Amsterdam, Kastanjeplein 10 - Bonifatius (1886 - 1982)
Uit Reliwiki
Algemene gegevens | |
---|---|
Naam kerk: | Bonifatius |
Genootschap: | Rooms Katholieke Kerk |
Provincie: | Noord-Holland |
Gemeente: | Amsterdam |
Plaats: | Amsterdam |
Adres: | Kastanjeplein 10 |
Postcode: | 1092BV |
Sonneveld-index: | 04933 |
Jaar ingebruikname: | 1886 |
Architect: | Evert_Margry |
Huidige bestemming: | gesloopt |
Monument status: | geen |
Geschiedenis
Dit was een qua interieur rijk gedetailleerde, kleurrijke, sfeervolle neogotische kerk met later gebouwde sobere toren. Het was één van de mooiste Margrykerken.
Omstreeks 1880 was bij de oostelijke stadsuitbreiding van Amsterdam buiten de singels de oprichting van een nieuwe parochie noodzakelijk, als afspliting van de St. Willibrordus Buiten de Veste bij de Amsteldijk. De toen in aanbouw zijnde Oosterparkbuurt werd een volksbuurt. De nieuwe St. Bonifatiuskerk werd gepland op een ruim perceel tussen de Tweede en Derde Oosterparkstraat, aan het Kastanjeplein. Het was de eerste parochiekerk die in Amsterdam-Oost werd opgericht. Daarachter werden scholen gebouwd t.b.v. de parochie, grenzend aan het Eikenplein. Vanaf de oprichting in 1882 nam de parochie een houten noodkerkje aan de Linnaeusstraat in gebruik, ontworpen door A.C. Bleijs (1842-1912).

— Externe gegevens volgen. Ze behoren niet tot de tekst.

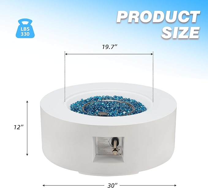 - Dimensions & Packing Included: Table Size: 30"Diameter x12"H. Package includes fire pit table with stainless steel lid, weather resistant cover, decorative lava rocks and product manual
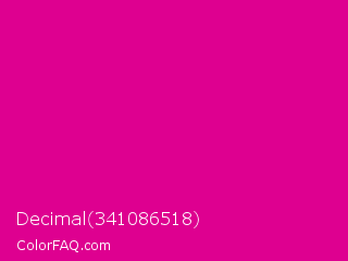 Decimal 341086518 Color is a normal magenta color and the nearest color is Mexican Pink #e4007c. Hex code #de0090 and RGB value is rgb(222,0,144). In RGB color space, this color is composed of 87% red, 0% green, 56% blue, In CMYK color space, this color is composed of 0% cyan, 100% magenta, 35% yellow , 13% black , In HSL color space, this color has a hue angle of 321° , 100% saturation and 44% lightness.
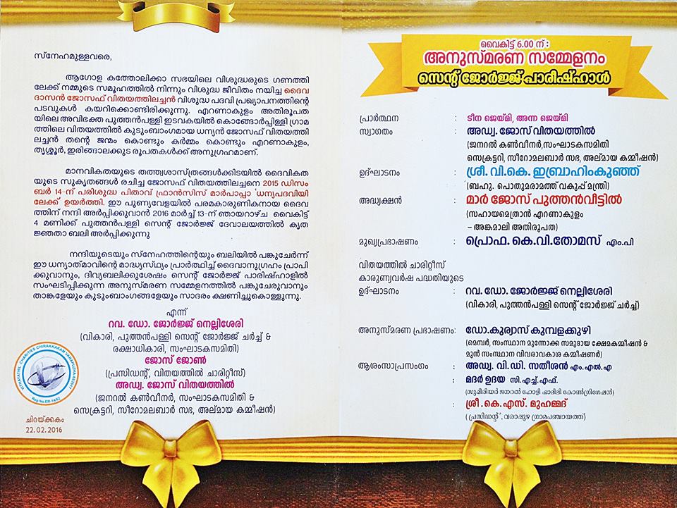 Organized by: Vithayathil Joseph Antony
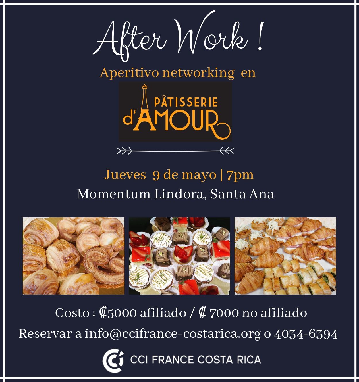 Participation de 5 000 colons pour les affiliés, et de 7 000 colons pour les non affiliés. Réservation à info(@)ccifrance-costarica.org, ou au 4034-6394.
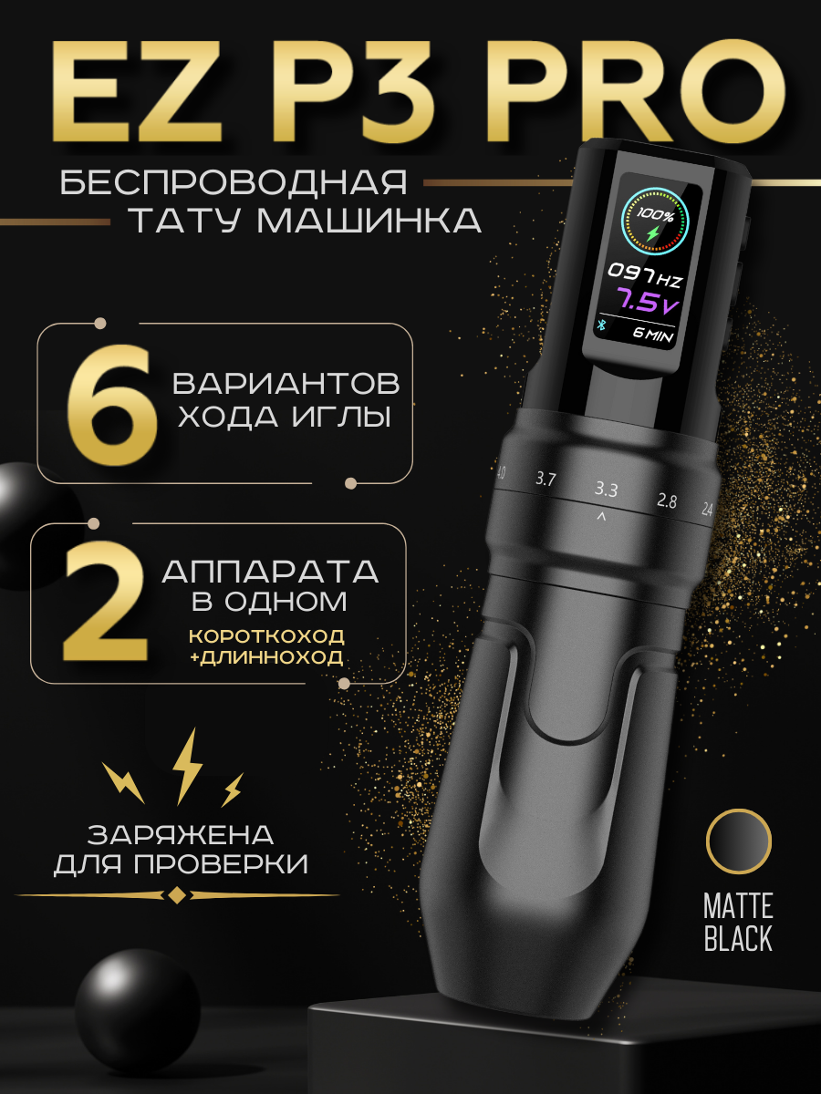 10 цен на Беспроводная тату машинка EZ P3 PRO Matte Black с регулируемым ходом иглы
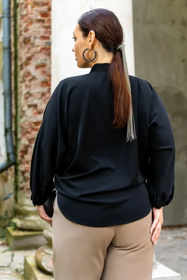 Элегантная женская блузка черного цвета, выполненная в стиле летучая мышь, идеально подойдет как для торжественного мероприятия, так и для повседневной носки. Блузка со стойкой-завязкой, добавляющими изысканности образу. Цельнокроеные рукава с застежкой на петлю и пуговицу.Асимметричный низ блузки спереди короче, сзади длиннее, что придает дополнительный стиль. Эта блузка станет изысканным дополнением к вашему гардеробу.
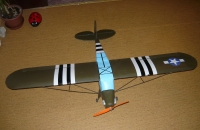 K vánocům jsem si pořídil kabel učitel žák ke svému vysílači a přemýšlel co postavit aby se s tím dalo učit létat začátečníky,bylo jasné že to musí být větroň nebo pomalý hornoplošník,okopíroval jsem tedy třípohledovku z knížky nechal zvětšit na formát A0,trochu to poupravil,a z materiálu arbiton 4mm sestavil tento cvičný model.Piper se nechá řídit buď jen křidélky a výškovkou nebo jen směrovkou a výškovkou a nebo obojím což se uplatní při pokročilém létání.Je to pomalý model s jednoduchou konstrukcí kterou zvládne i začátečník z levného a dostupného materiálu,jako předlohu jsem zvolil stroj který létal při vylodění v normandii,v létě 1944.
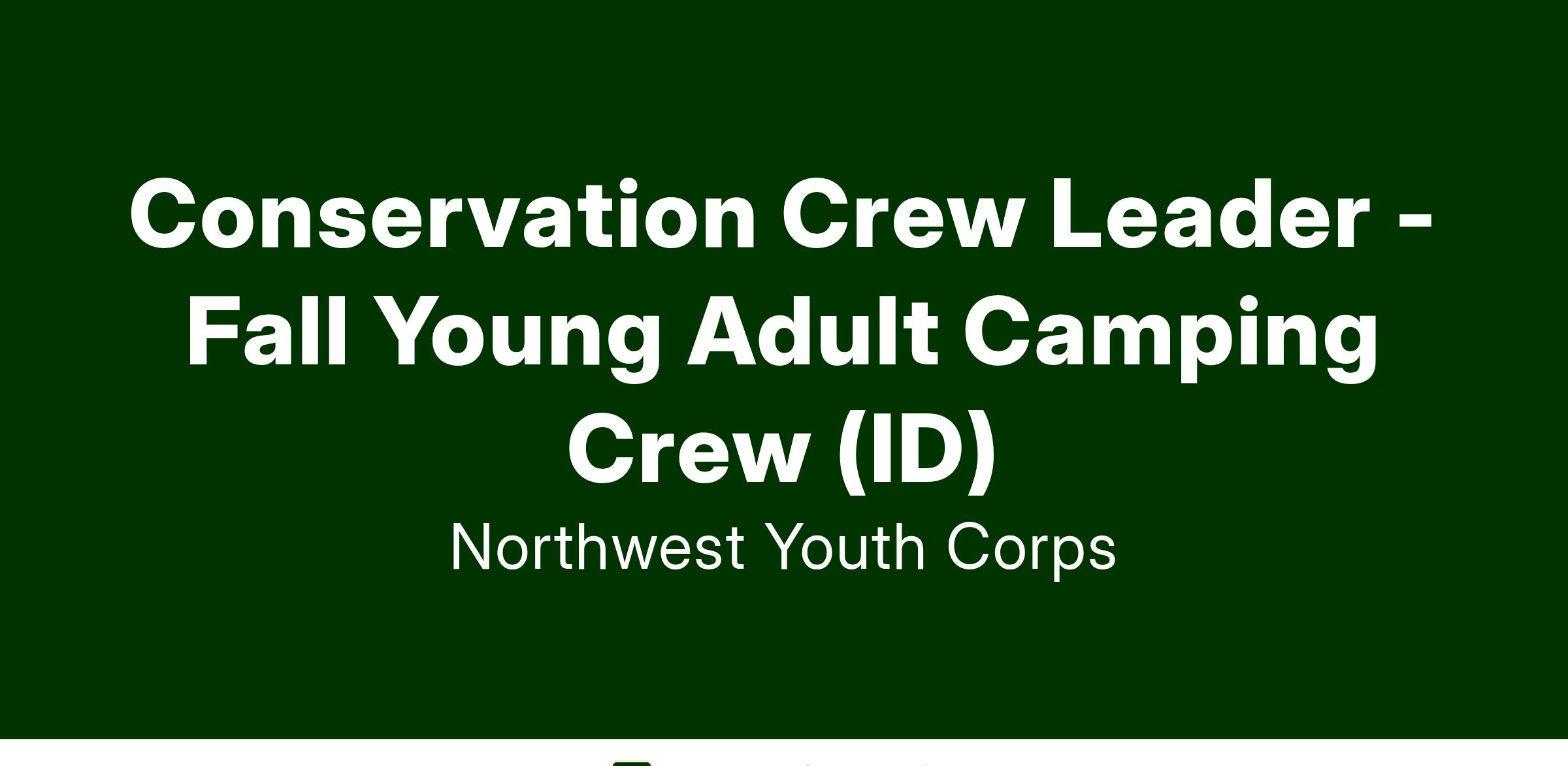 Location: Based out of Boise, ID but local housing is not needed as crews camp together for their entire session. Project locations generally include national forests, national parks, wilderness areas throughout the state of Idaho.
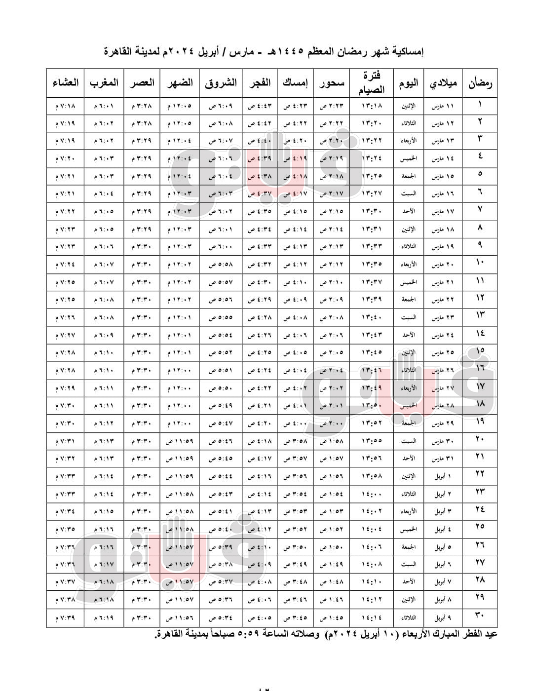 وسيكون يوم 10 أبريل أول أيام عيد الفطر، وستكون صلاة العيد الساعة 5:59 صباحا.
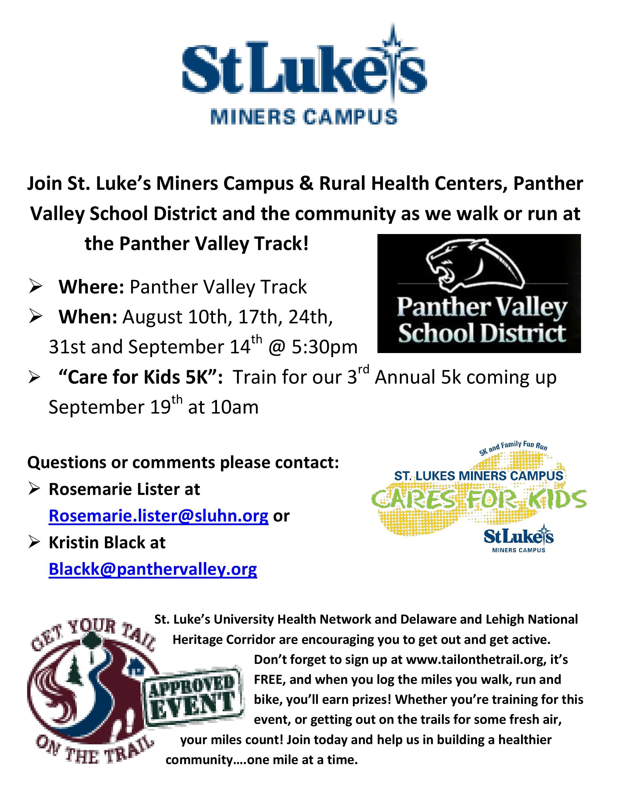 St. Luke’s University Health Network partnered with the Panther Valley School District to hold their annual ‘Get Your Tail on the Trail’ kick-off event on August 17, 2015 at the Panther Valley Stadium in Lansford.
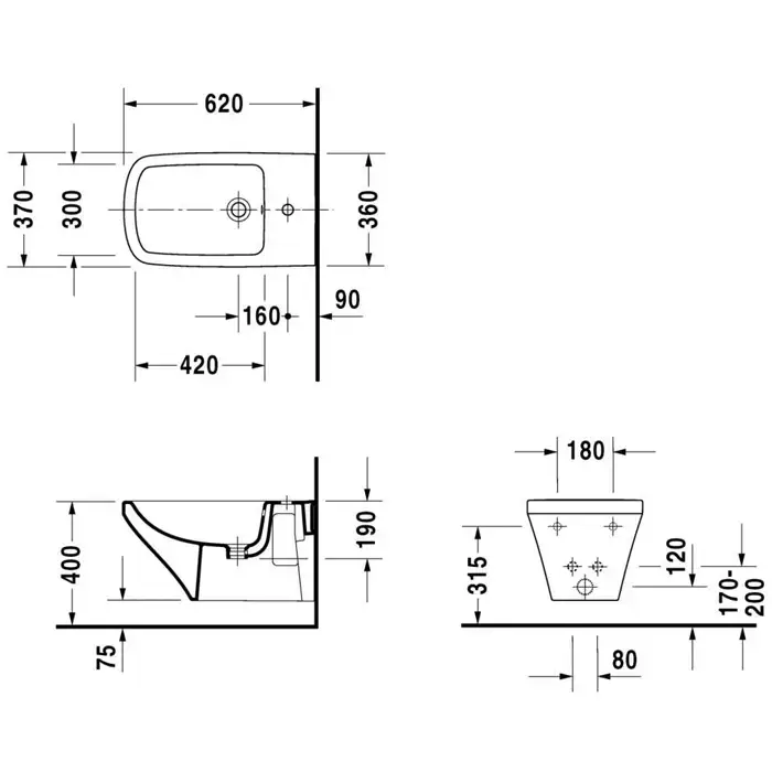 Duravit DuraStyle Биде подвесное 620х370 мм, с 1 отв под смеситель. с креплением, цвет белый
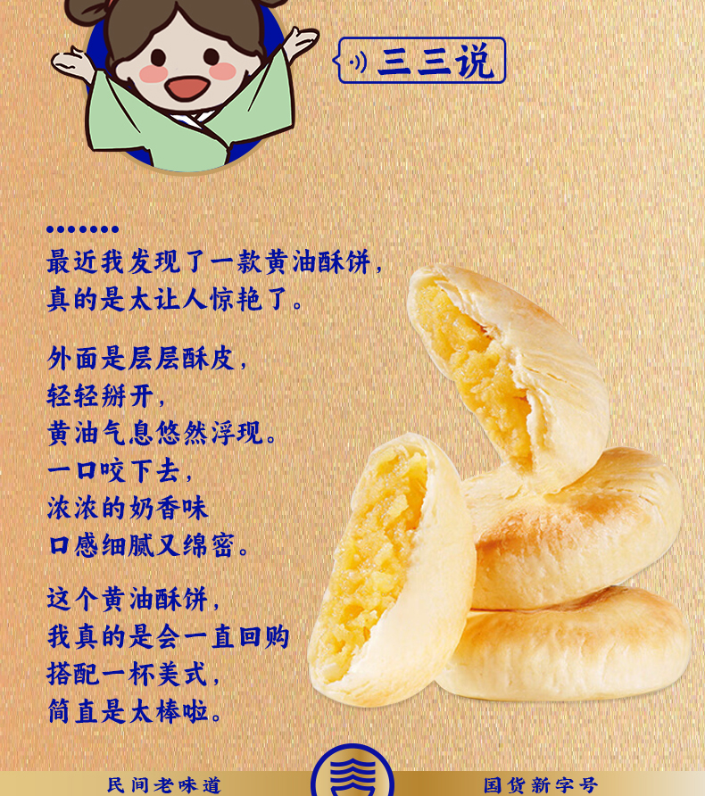 【绮】三关六码头非遗黄油酥饼180g*3
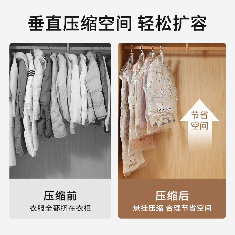 羽绒服收纳袋抽真空压缩袋挂衣服专用衣柜挂式 大衣棉服被子神器 装
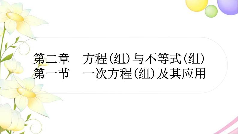 中考数学复习第二章方程(组)与不等式(组)第一节一次方程(组)及其应用作业课件: 这是一份中考数学复习第二章方程(组)与不等式(组)第一节一次方程(组)及其应用作业课件,共18页。
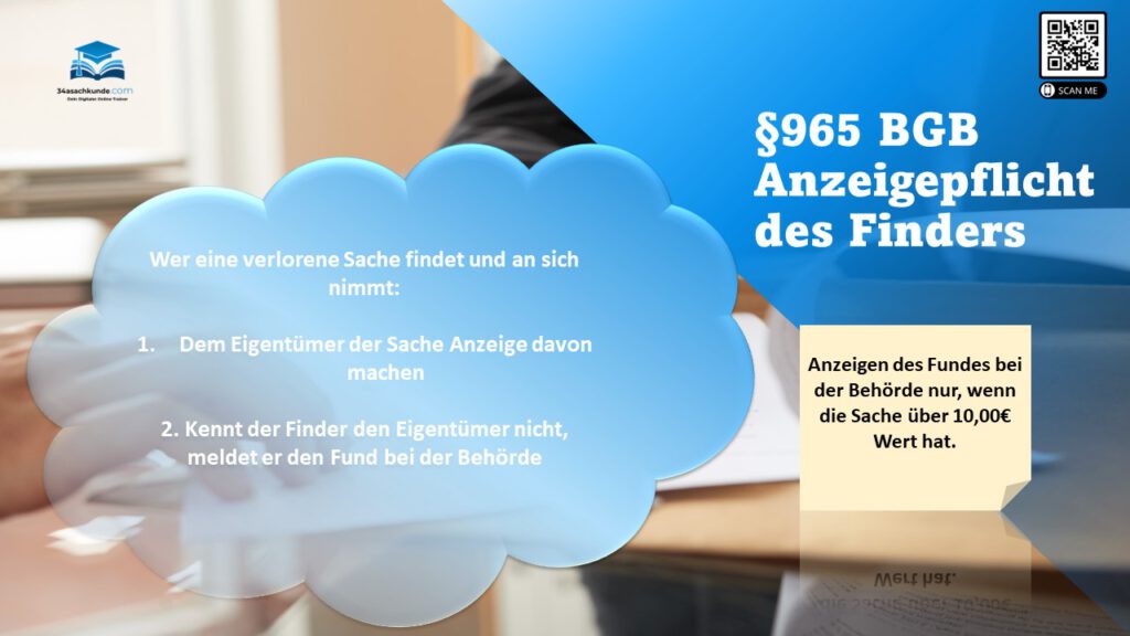 Anzeigepflicht des Finders gemäß §965 BGB
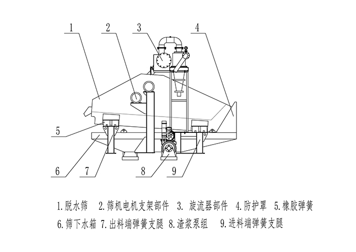 該設備一般直接安裝于洗砂機后部,設備上的脫水篩對洗砂機的成品物料進行再一步脫水,設備上的回收系統(tǒng)則對洗砂機排出的廢料進行再回收,充分解決了洗砂機的弊端(如:成品含水量大、含泥量大、粉塵多、雜質難以清除等),大大提高了成品的品質。旋流器將洗砂廢水中的細砂與水分離后,將濃度被提升至60-70%的細砂排入脫水篩表面進行脫水,實現(xiàn)細砂的脫水回收。
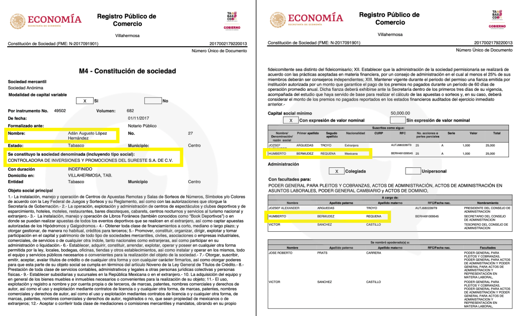 MCCI constató que con ese permiso DGJS/DGAAD/DCRCA/P-01/2017 operaban los sitios en línea CrownCity y CityBets, pertenecientes a Controladora de Inversiones y Promociones del Sureste, donde es socio Humberto Bermúdez Requena -hermano del ex titular de Seguridad de Tabasco- y cuya constitución atestiguó como notario el Senador morenista Adán Augusto López, como reveló MCCI en julio de 2025.
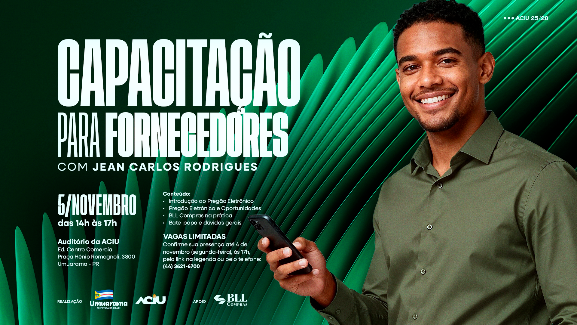 A Aciu (Associação Comercial, Industrial e Agrícola de Umuarama) com parceria da Prefeitura de Umuarama e a empresa BLL Compras, realizará uma capacitação exclusiva sobre pregão eletrônico e oportunidades de negócios com o setor público. O tema será abordado pelo especialista Jean Carlos Rodrigues.
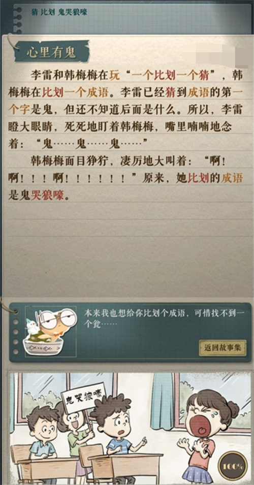 接下来是“心里有鬼”关卡,这个关卡的挑战在于理解人物的心理活动。玩家需要从人物的言行中寻找矛盾点,这些矛盾点将引导玩家找到解谜的线索。如下图所示:

Het ontwerp van de nieuwe grote kerk ging aanvankelijk ook naar Bleijs, leerling van P.J.H. Cuypers en architect van o.a. de St. Nicolaaskerk aan de Prins Hendrikkade uit dezelfde tijd en enkele gebouwen (inclusief de kapel) van het nabijgelegen, nieuwe Onze Lieve Vrouwegasthuis. Er werd bezwaar gemaakt tegen de keuze van Bleijs omdat men vreesde dat de buurt eentonig van karakter zou worden als (te) veel gebouwen door hem zouden zijn ontworpen. De nieuwe kerk kwam, na goedkeuring van het kerkbestuur, uiteindelijk tot stand in 1885-1886 naar een ontwerp van E.J. Margry (1841-1891), eveneens leerling van Cuypers. De consecratie vond in augustus 1886 plaats door Mgr. P.M. Snickers, de toenmalige bisschop van Haarlem. Op dat moment miste de kerk nog een grote toren aan het Kastanjeplein wegens geldgebrek.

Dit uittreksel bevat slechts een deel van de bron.